Client time: 10/30/19 07:57:41

I tailed the trace logs and I see it’s not spending much time vacuuming anymore:

<Event Severity="10" Time="1572422279.500701" Type="SpringCleaningMetrics" ID="68b25cd9eb96c2ee" SpringCleaningCount="12959" LazyDeletePages="309" VacuumedPages="1025" SpringCleaningTime="0.000506401" LazyDeleteTime="0.000506401" VacuumTime="0" Machine="10.67.246.22:4501" LogGroup="default" Roles="TL" />
<Event Severity="10" Time="1572422284.500712" Type="SpringCleaningMetrics" ID="68b25cd9eb96c2ee" SpringCleaningCount="12964" LazyDeletePages="309" VacuumedPages="1025" SpringCleaningTime="0.000506401" LazyDeleteTime="0.000506401" VacuumTime="0" Machine="10.67.246.22:4501" LogGroup="default" Roles="TL" />
<Event Severity="10" Time="1572422289.500721" Type="SpringCleaningMetrics" ID="68b25cd9eb96c2ee" SpringCleaningCount="12969" LazyDeletePages="309" VacuumedPages="1025" SpringCleaningTime="0.000506401" LazyDeleteTime="0.000506401" VacuumTime="0" Machine="10.67.246.22:4501" LogGroup="default" Roles="TL" />
<Event Severity="10" Time="1572422294.500729" Type="SpringCleaningMetrics" ID="68b25cd9eb96c2ee" SpringCleaningCount="12974" LazyDeletePages="309" VacuumedPages="1025" SpringCleaningTime="0.000506401" LazyDeleteTime="0.000506401" VacuumTime="0" Machine="10.67.246.22:4501" LogGroup="default" Roles="TL" />
<Event Severity="10" Time="1572422299.500741" Type="SpringCleaningMetrics" ID="68b25cd9eb96c2ee" SpringCleaningCount="12979" LazyDeletePages="309" VacuumedPages="1025" SpringCleaningTime="0.000506401" LazyDeleteTime="0.000506401" VacuumTime="0" Machine="10.67.246.22:4501" LogGroup="default" Roles="TL" />

So I’m guess the large delete workload that I had applied caused a large amount of vacuuming work to build up and run in the background. Guess this is a problem solved! Any hints at other ways to debug / track this kind of cluster load would be great. One thing to note is that I started debugging this since one of the machines repeatedly would become unavailable and require hard reseting via the AWS console.
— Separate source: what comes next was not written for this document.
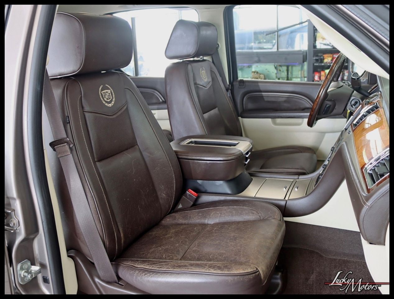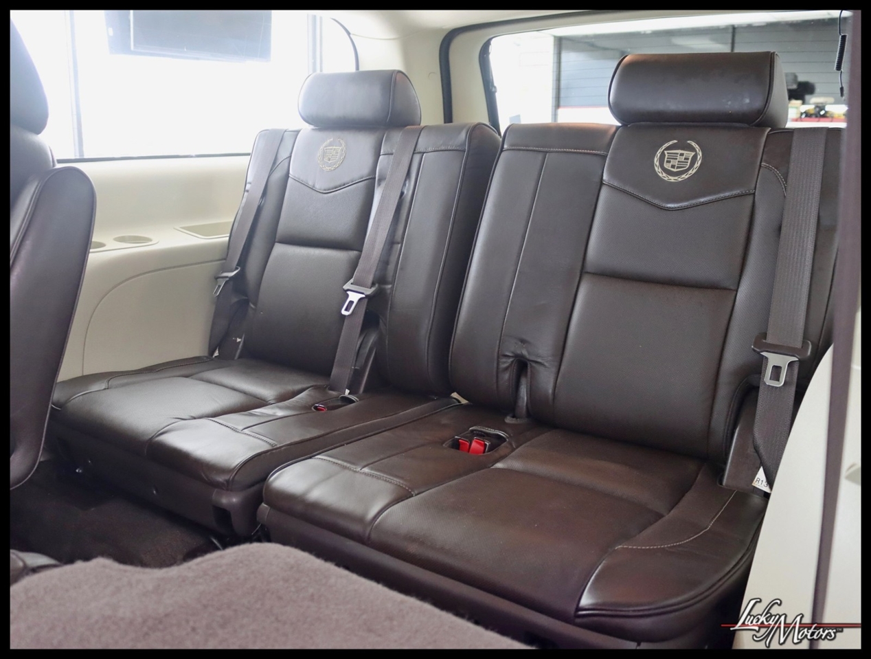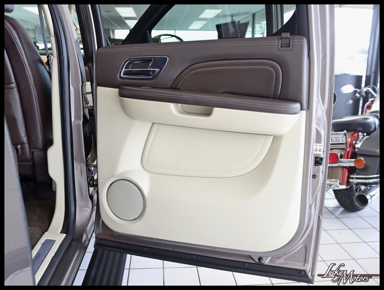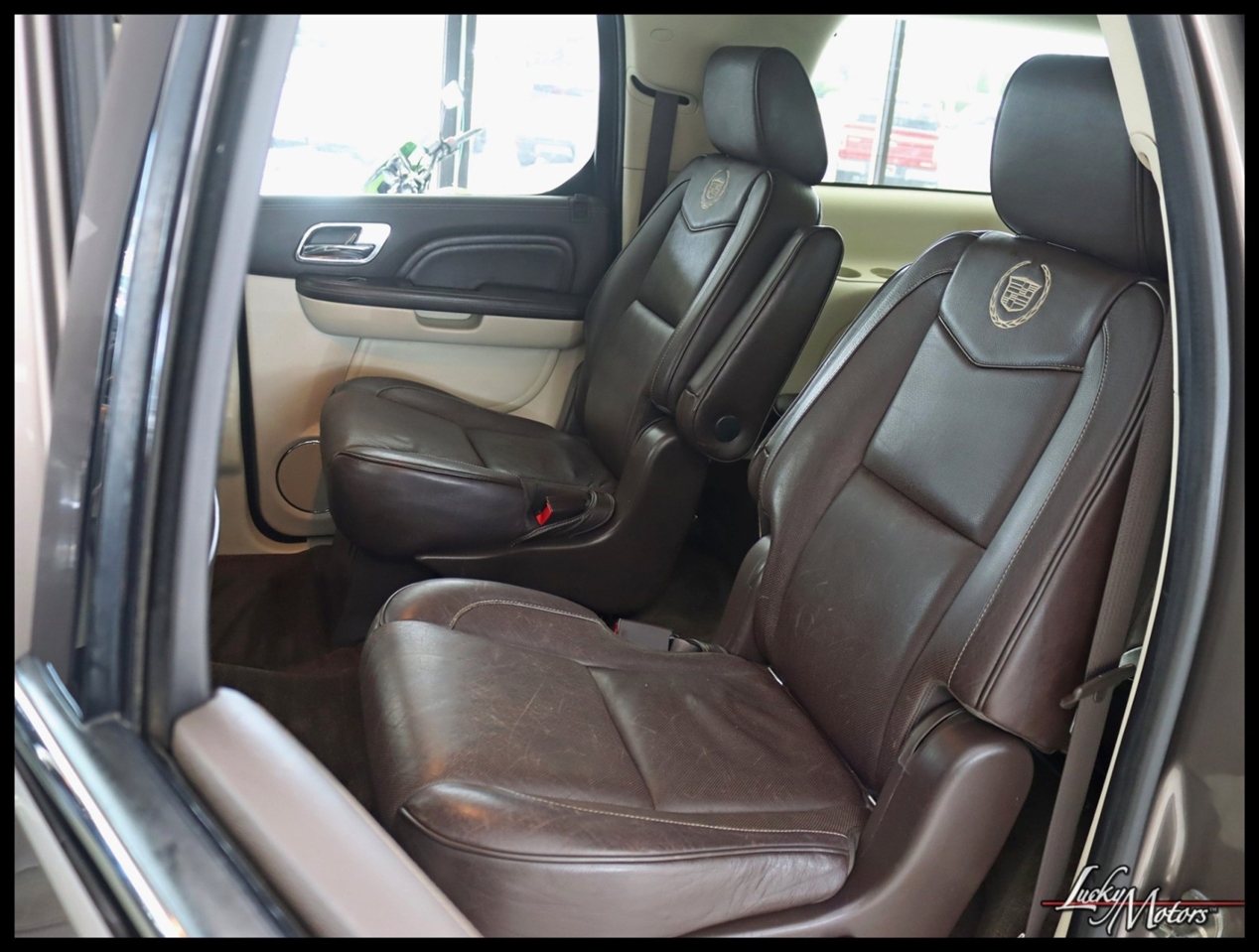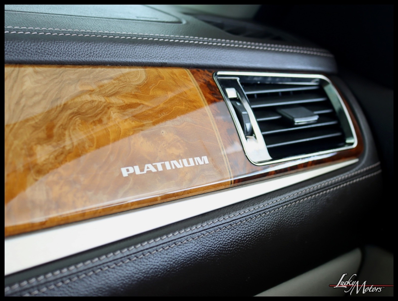 • Platinum includes unique upper and lower front grilles and fascia, (S85) unique 22 multi-spoke chrome wheels, (T4Q) LED headlamps, Cut-and-Sew leather-wrapped IP top pad and door uppers, vinyl-wrapped door lowers with contrasting-color French stitching, embroidered Cadillac insignias on front seats, genuine Olive Ash Burl and Walnut Burl woods with wood inlays and aluminum trimmed IP and console, unique console lid, (HNE) heated and cooled cup holders, chrome trim around HVAC vents, door handles and clock, full Aniline leather first and second row seats, full Nuance leather third row seat, (AYE) DVD screens located on backside of front row head restraints, (195) Ebony/Ebony interior or (415) Cocoa/Light Linen interior, unique door sills, unique floor mats, (TQ5) IntelliBeam headlamps, (UVD) heated steering wheel, (ARS) power release second row bucket seats, (BRS) power-retractable assist steps, (CF5) power sunroof, (UFT) Side Blind Zone Alert, (Z95) Magnetic Ride Control and (U42) overhead rear seat entertainment system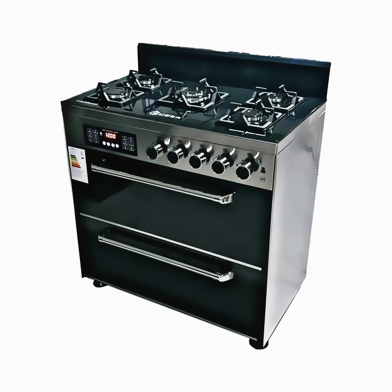 اجاق گاز 5 شعله بوگر مدل 908 استیل تمام ترموکوپل با ولوم های از جنس فلزی و سنگین

What version of FDB are you running?

But it’s starting to sound like that this is a problem that only manifests on EBS. Relax consistency guarantees has ended up in a discussion of this similar sort of thing.

I was running on 6.1.8 for a bit when I had this problem. Half-way through I upgraded to 6.2.7 to see if it would help and I don’t think it did. Eventually, the cluster has settled and I kept it on 6.2.7.